Business & Funding

Databricks CEO calls 2026 “a terrible year to go public” as SpaceX, Anthropic, and OpenAI prepare to absorb…

· June 4, 2026
Databricks CEO calls 2026 “a terrible year to go public” as SpaceX, Anthropic, and OpenAI prepare to absorb…

What happened

SpaceX, Anthropic, and OpenAI are all preparing massive initial public offerings in 2026, aiming to raise roughly $200 billion combined. SpaceX plans to go public as early as June 12 with a valuation near $1.77 trillion, selling over 555 million shares at $135 each. Anthropic has already filed for an IPO, and OpenAI’s listing is anticipated soon. Together, these IPOs could represent some of the largest public market entries in history, pushing total valuations to more than $3 trillion.

Why it matters

The scale of these IPOs reveals how much capital the AI and space sectors are absorbing, signaling investor confidence but also marking a peak in valuation pressure. Databricks CEO recently called 2026 “a terrible year to go public,” reflecting the high risk and volatility these mega-offerings introduce to public markets.
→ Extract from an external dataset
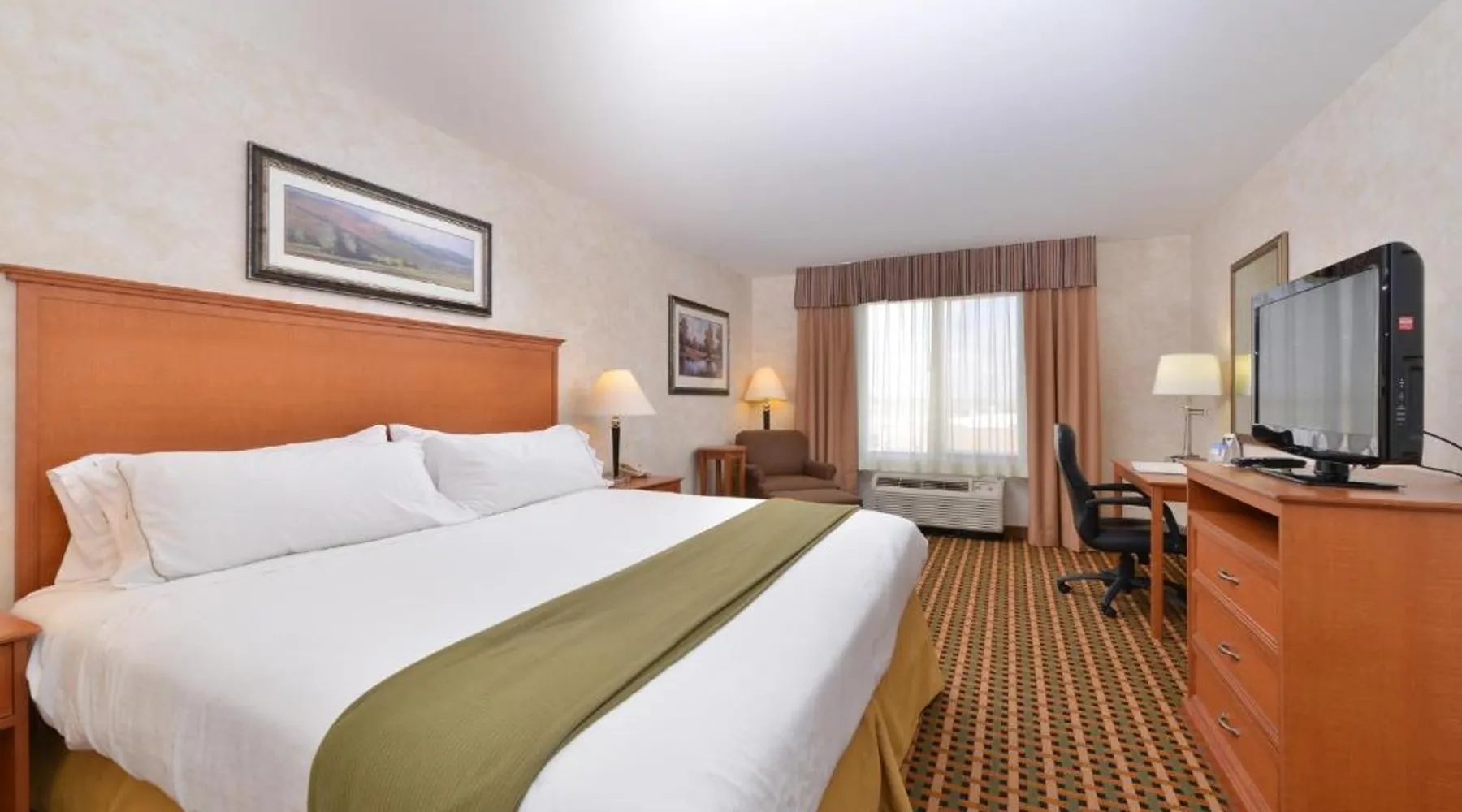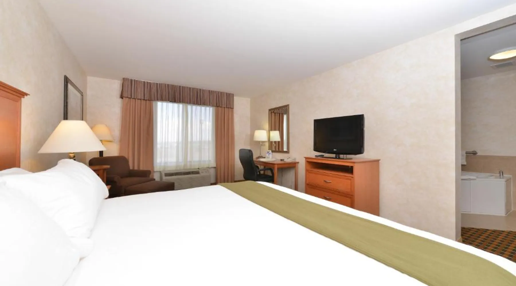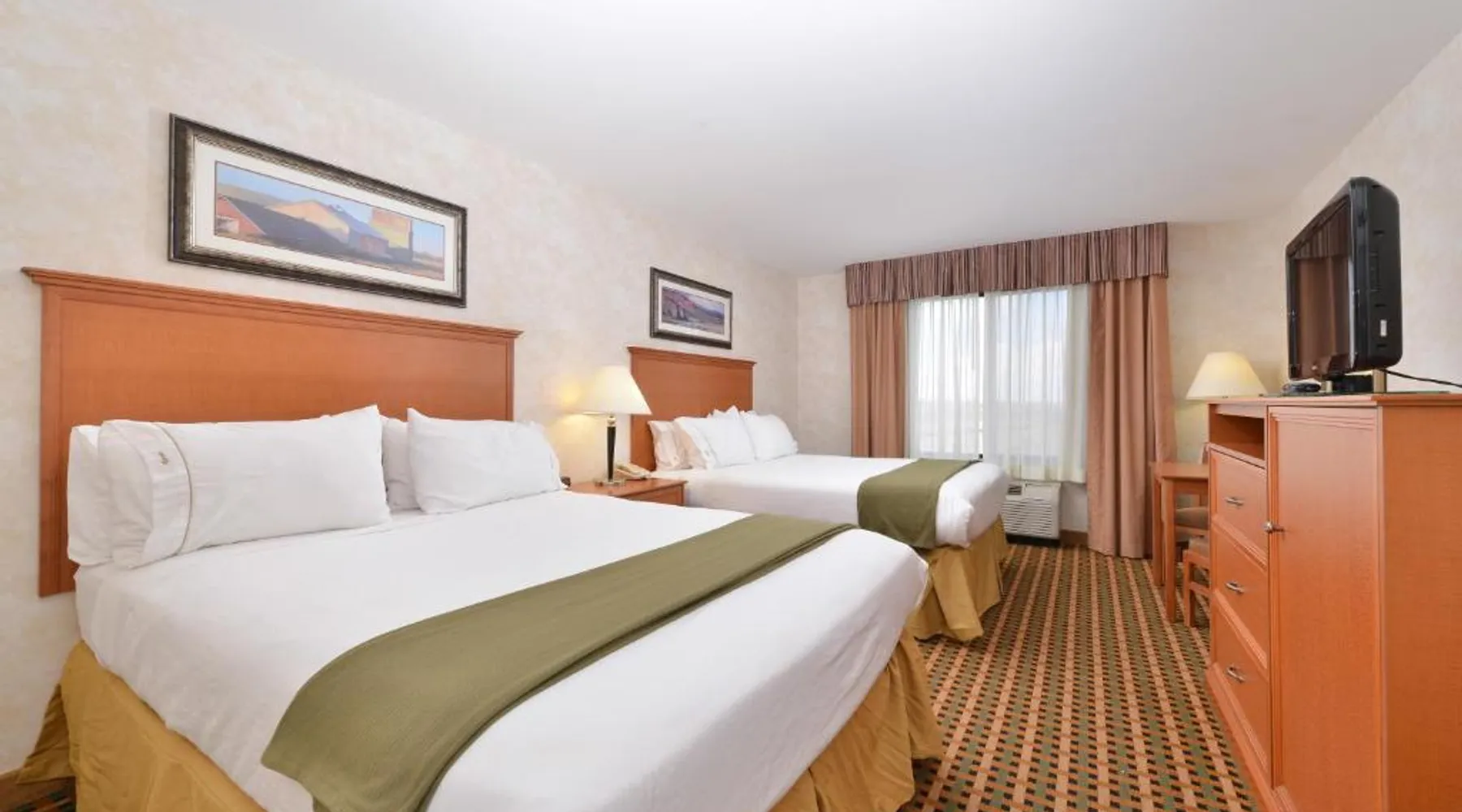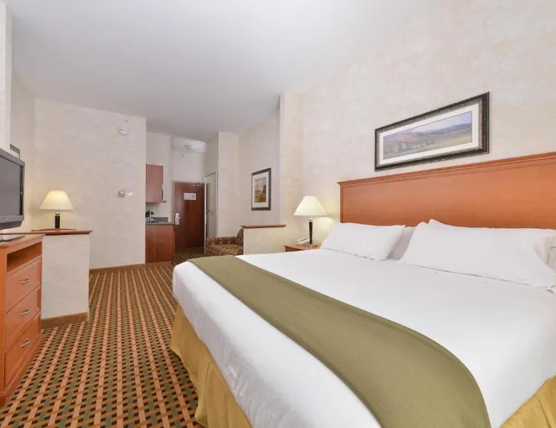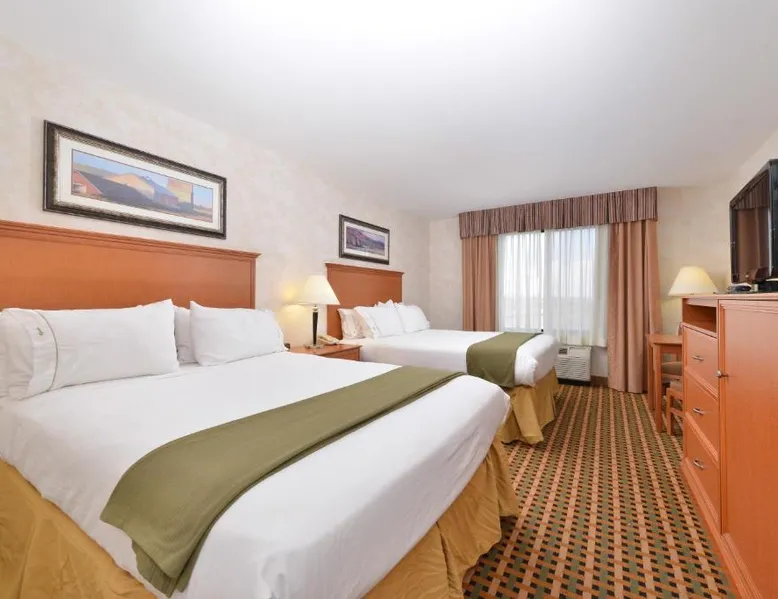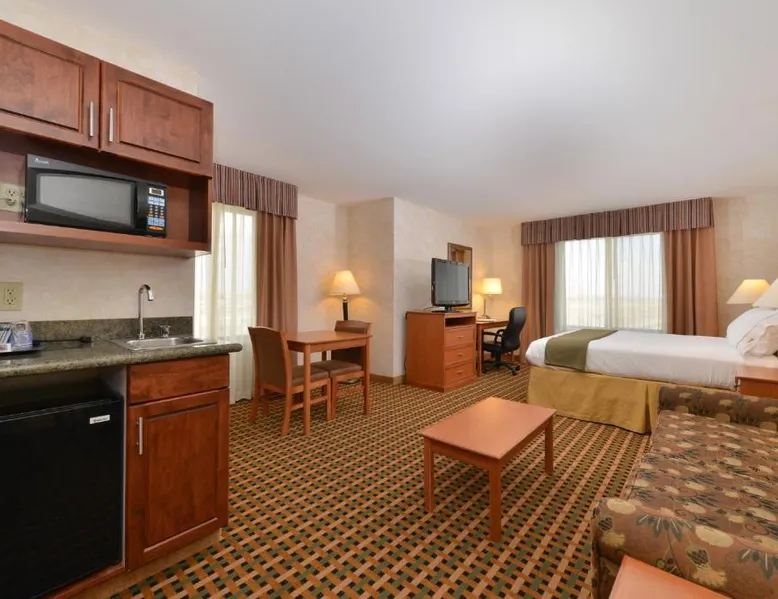 Comfortable Accommodations: Holiday Inn Express Rawlins by IHG in Rawlins offers comfortable rooms with air-conditioning, private bathrooms, and modern amenities. Each room includes a tea and coffee maker, hairdryer, refrigerator, work desk, seating area, free toiletries, microwave, bath or shower, carpeted floors, and a TV. Leisure Facilities: Guests can enjoy an indoor swimming pool, fitness center, hot tub, and spa bath. The hotel provides a elevator, 24-hour front desk, daily housekeeping service, and a business area. Free on-site parking is available. Guest Services: The property offers a highly rated breakfast, room cleanliness, and comfort. Additional services include a 24-hour front desk, daily housekeeping, and a business area. Location and Access: Located 92 mi from Laramie Regional Airport, the hotel is praised for its excellent breakfast, room cleanliness, and comfort. This modern room comes with a cable TV, a microwave, small refrigerator, and a tea/coffee maker. Ironing facilities, a seating area, and a private bathroom with a bath or shower and free toiletries are also included.

For investors, this means these companies will face intense scrutiny to deliver consistent growth and profits, or risk rapid valuation corrections. For operators and founders, the influx of capital and market exposure raises the bar for performance transparency and competitive speed.

What to watch next

Monitor how the public markets absorb these colossal IPOs. SpaceX’s pricing and demand will set a benchmark for the rest, influencing Anthropic and OpenAI’s debut pricing and timing. Regulatory hurdles and macroeconomic factors will also shape market reception. Operationally, watch if these companies accelerate product launches and revenue generation to justify trillion-dollar valuations. The broader impact includes tighter financing dynamics for AI startups and potential shifts in VC and private market activity as capital moves to public players.